DATA SHOWN
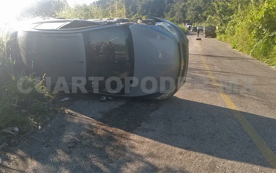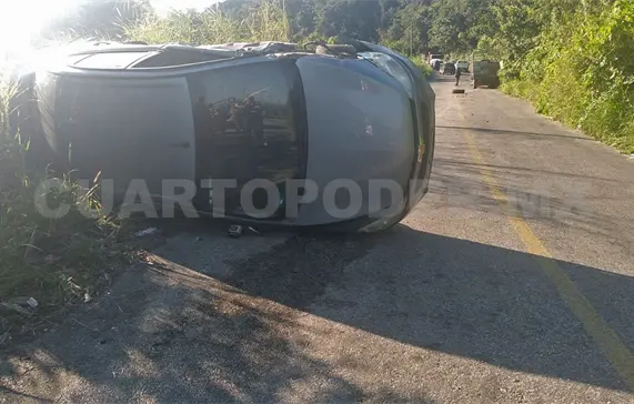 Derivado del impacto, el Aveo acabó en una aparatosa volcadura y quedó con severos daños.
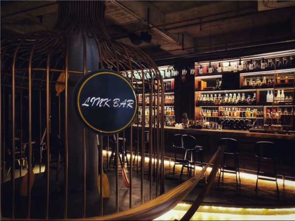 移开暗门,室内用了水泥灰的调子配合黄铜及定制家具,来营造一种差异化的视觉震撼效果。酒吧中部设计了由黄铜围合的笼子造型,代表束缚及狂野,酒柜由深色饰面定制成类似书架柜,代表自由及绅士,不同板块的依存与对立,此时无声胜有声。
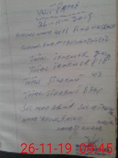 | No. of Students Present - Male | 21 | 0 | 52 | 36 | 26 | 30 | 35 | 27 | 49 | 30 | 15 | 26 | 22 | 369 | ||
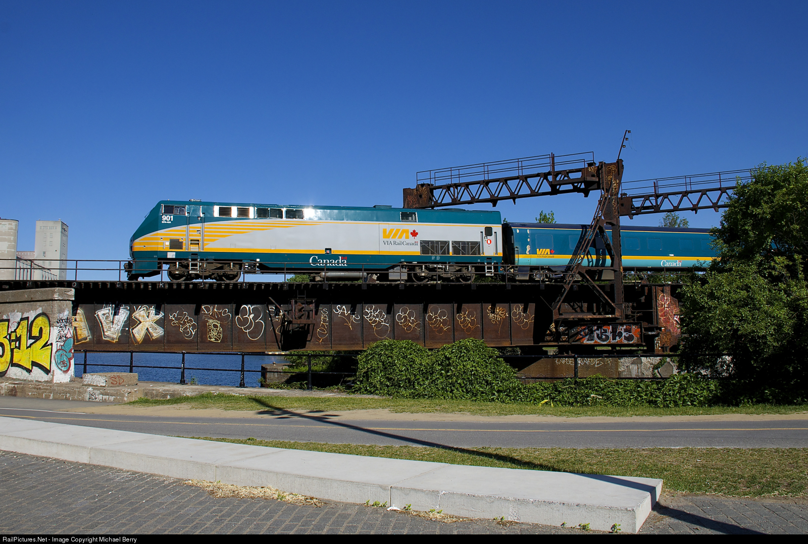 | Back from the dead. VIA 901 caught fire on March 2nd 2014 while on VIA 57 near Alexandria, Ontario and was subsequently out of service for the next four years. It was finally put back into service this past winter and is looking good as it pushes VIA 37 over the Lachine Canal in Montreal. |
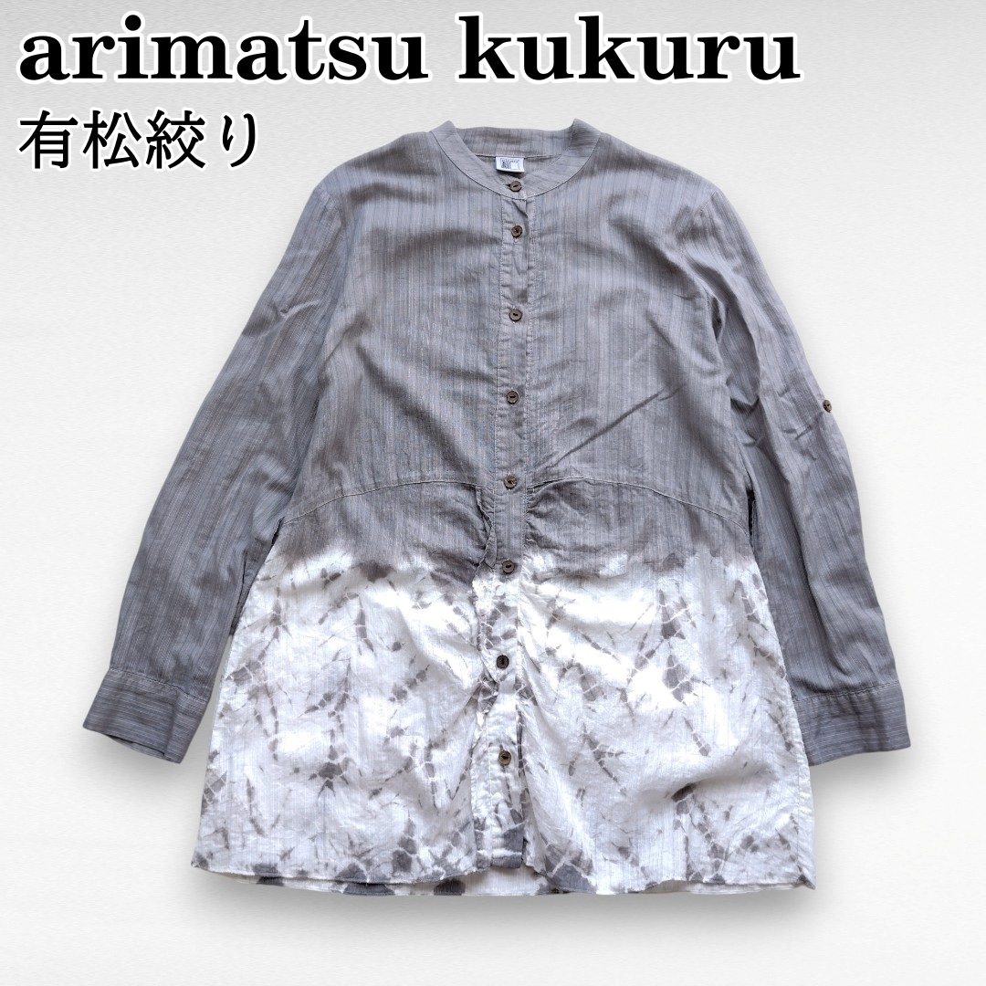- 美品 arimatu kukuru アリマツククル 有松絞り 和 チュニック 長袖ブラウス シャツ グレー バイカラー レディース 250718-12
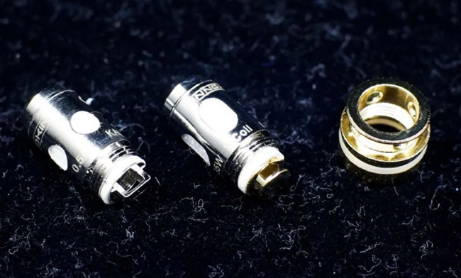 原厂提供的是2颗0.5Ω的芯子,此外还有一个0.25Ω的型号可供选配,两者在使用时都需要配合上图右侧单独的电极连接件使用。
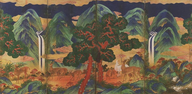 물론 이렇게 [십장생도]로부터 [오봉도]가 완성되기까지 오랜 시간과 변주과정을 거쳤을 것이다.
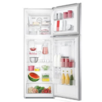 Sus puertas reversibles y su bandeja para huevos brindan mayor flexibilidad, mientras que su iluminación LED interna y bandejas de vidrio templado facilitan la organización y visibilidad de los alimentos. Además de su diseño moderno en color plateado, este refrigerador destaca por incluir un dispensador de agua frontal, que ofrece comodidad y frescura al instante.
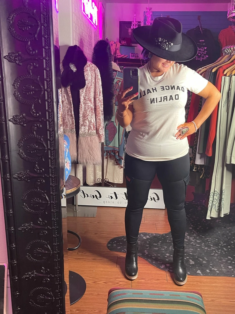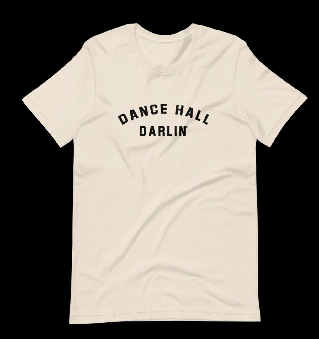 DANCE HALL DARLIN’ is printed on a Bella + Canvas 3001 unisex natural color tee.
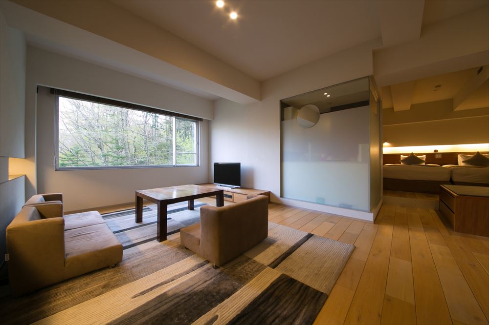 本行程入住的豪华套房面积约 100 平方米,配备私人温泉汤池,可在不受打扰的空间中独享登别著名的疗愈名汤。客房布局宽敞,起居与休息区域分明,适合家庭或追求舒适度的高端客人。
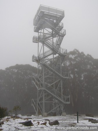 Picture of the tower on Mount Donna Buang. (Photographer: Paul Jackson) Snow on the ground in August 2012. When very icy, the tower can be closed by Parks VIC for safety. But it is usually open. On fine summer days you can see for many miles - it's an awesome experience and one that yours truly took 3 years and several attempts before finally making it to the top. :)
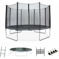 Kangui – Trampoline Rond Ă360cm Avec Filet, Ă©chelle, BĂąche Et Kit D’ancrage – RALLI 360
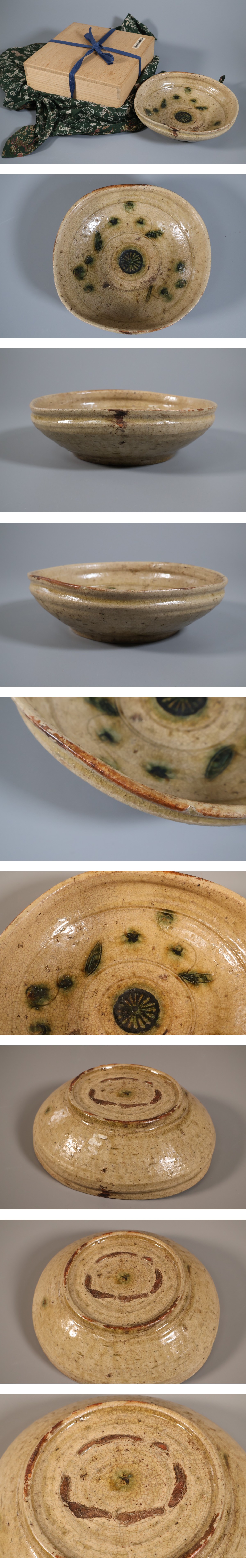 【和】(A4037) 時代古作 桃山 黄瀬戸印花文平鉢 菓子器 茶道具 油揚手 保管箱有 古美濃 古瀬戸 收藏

...

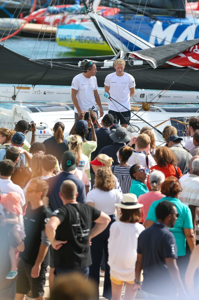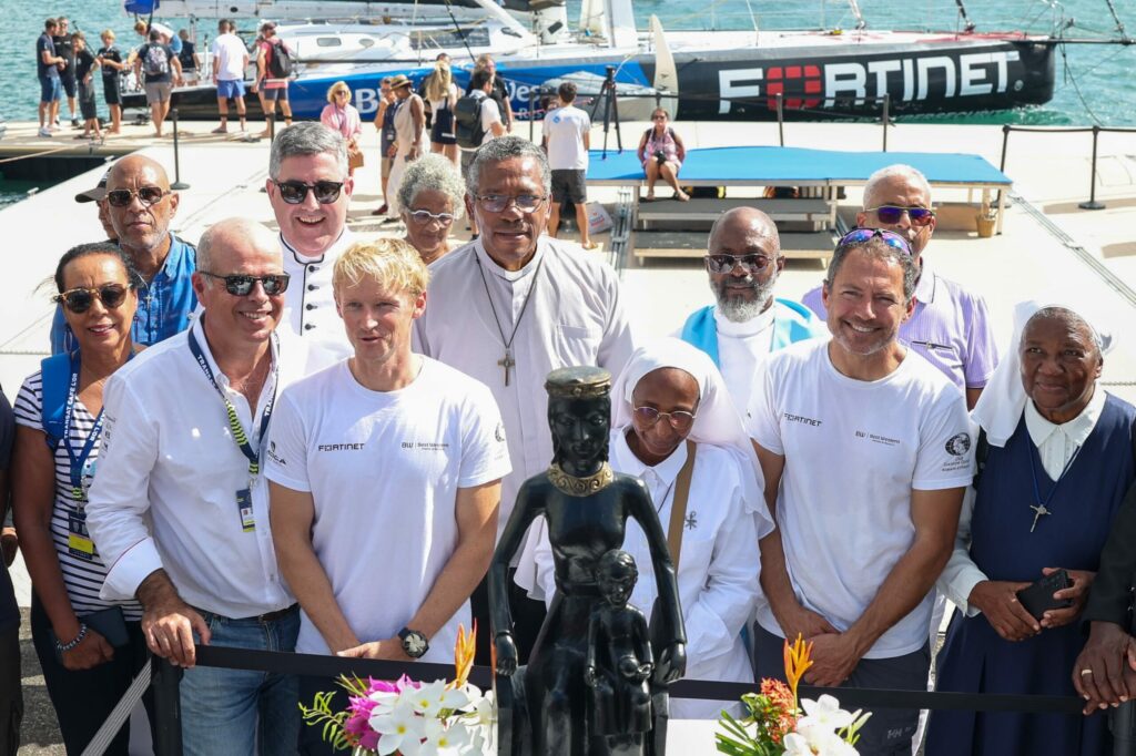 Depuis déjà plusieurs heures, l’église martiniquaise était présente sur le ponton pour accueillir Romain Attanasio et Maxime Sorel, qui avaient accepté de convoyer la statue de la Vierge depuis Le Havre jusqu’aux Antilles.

REQUIREMENT
Copy exactly the lines of the entries above from the one containing "- 美品 arimatu" through the one containing "DANCE HALL DARLIN’". Both end lines count; pictures do not.

ANSWER TO THIS TASK
- 美品 arimatu kukuru アリマツククル 有松絞り 和 チュニック 長袖ブラウス シャツ グレー バイカラー レディース 250718-12
 原厂提供的是2颗0.5Ω的芯子,此外还有一个0.25Ω的型号可供选配,两者在使用时都需要配合上图右侧单独的电极连接件使用。
 물론 이렇게 [십장생도]로부터 [오봉도]가 완성되기까지 오랜 시간과 변주과정을 거쳤을 것이다.
 Sus puertas reversibles y su bandeja para huevos brindan mayor flexibilidad, mientras que su iluminación LED interna y bandejas de vidrio templado facilitan la organización y visibilidad de los alimentos. Además de su diseño moderno en color plateado, este refrigerador destaca por incluir un dispensador de agua frontal, que ofrece comodidad y frescura al instante.
 DANCE HALL DARLIN’ is printed on a Bella + Canvas 3001 unisex natural color tee.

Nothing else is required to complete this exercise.